SPSS is one of many software packages that are useful for data analysis. SPSS
is, by far, the most popular program among psychologists. We will use Version
16.0. I started with version 6.0 in 1996. The program is considerably better now
and continues to improve but the basics are the same and are likely to remain so
for a long time.
For whatever reason, approximately 75% of my students think that saying "SPSS"
is a mouthful and shorten the name to "SPS" (or SSP, PSP, SSPS, SP, and many
other variants). Be among the 25% to get it right and I will think that you are
a very bright and conscientious student with a special flair for statistics!
Before you can learn to read, you need to work on your ABC's. Before you can
learn to analyze data, you need to learn to create a data file. "Data file"
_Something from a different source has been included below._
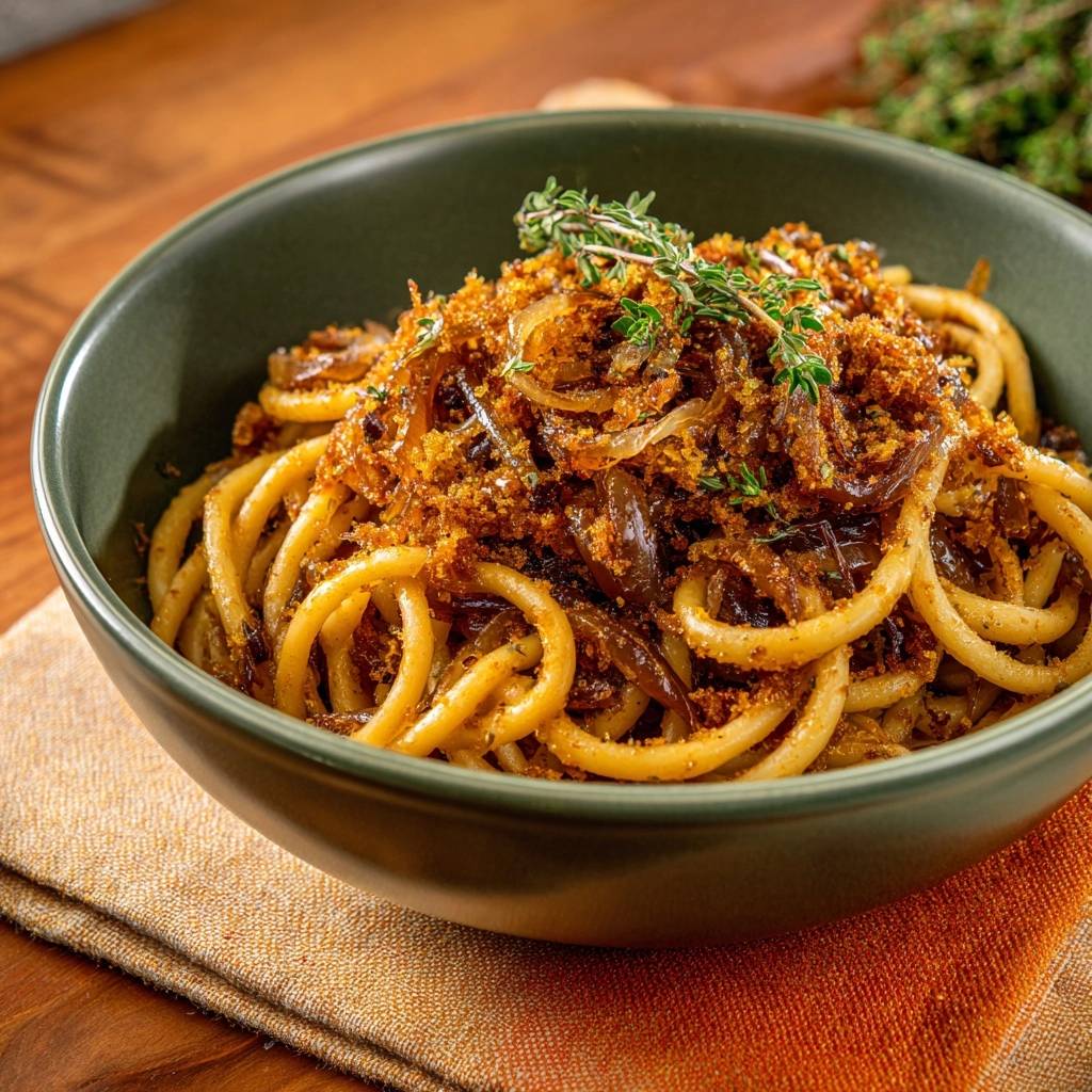 Learn the secret to restaurant-quality pasta with this Caramelized Onion Bucatini. Uses a starch-emulsion technique to create a silky, glossy sauce without heavy cream.

refers to a computer file with organized data (BTW, The word "data" is plural
for "datum" and thus it is proper to use the word like this: "The data are
inconclusive." or "There are no data to support your conclusion." Fuddy-duddies
like me talk like this but recently usage notes in dictionaries have begun to
allow sentences like "The data is inconclusive. " and "There is no data to
support your conclusion." I am not bothered by this usage but many of my fellow
fuddy-duddies will think you uninformed and possibly unintelligent if you talk
like that. So if you want to avoid embarrassment in professional settings, stick
to the traditional rule of using "data" as a plural noun. Of course, then you'll
sound like a fuddy-duddy. Thus, it is safer to circumvent the problem by saying
things like, "The results are inconclusive, given the data we have." or "I
haven't seen any data that would support your conclusion." Better yet, maintain
your smart and cool image by avoiding the word entirely by saying, "I'm not sure
if we can conclude anything yet." or "I don't think you're right. Do you have
any evidence?").
Go ahead and open SPSS. There should be a shortcut icon for SPSS on your
desktop. Sometimes it is slow to load (it is a big, powerful program). Click
"Cancel" (or "Type in data") if you see this:
You should see an empty datafile that looks like this:
Click on the "Variable View" tab at the bottom left (I circled it in red on the
image above.). Now your screen should look like this:
You are now ready to create a dataset.
Naming your variables
Let's say we have data from participants in a clinical trial for a new medical
treatment. We have information about the person's name, sex, age, and annual
income. In most datasets, each person has a unique identification number of some
sort (e.g., social security number). This prevents problems that arise when
people have the exact same name. Let's call the first variable ParticipantID.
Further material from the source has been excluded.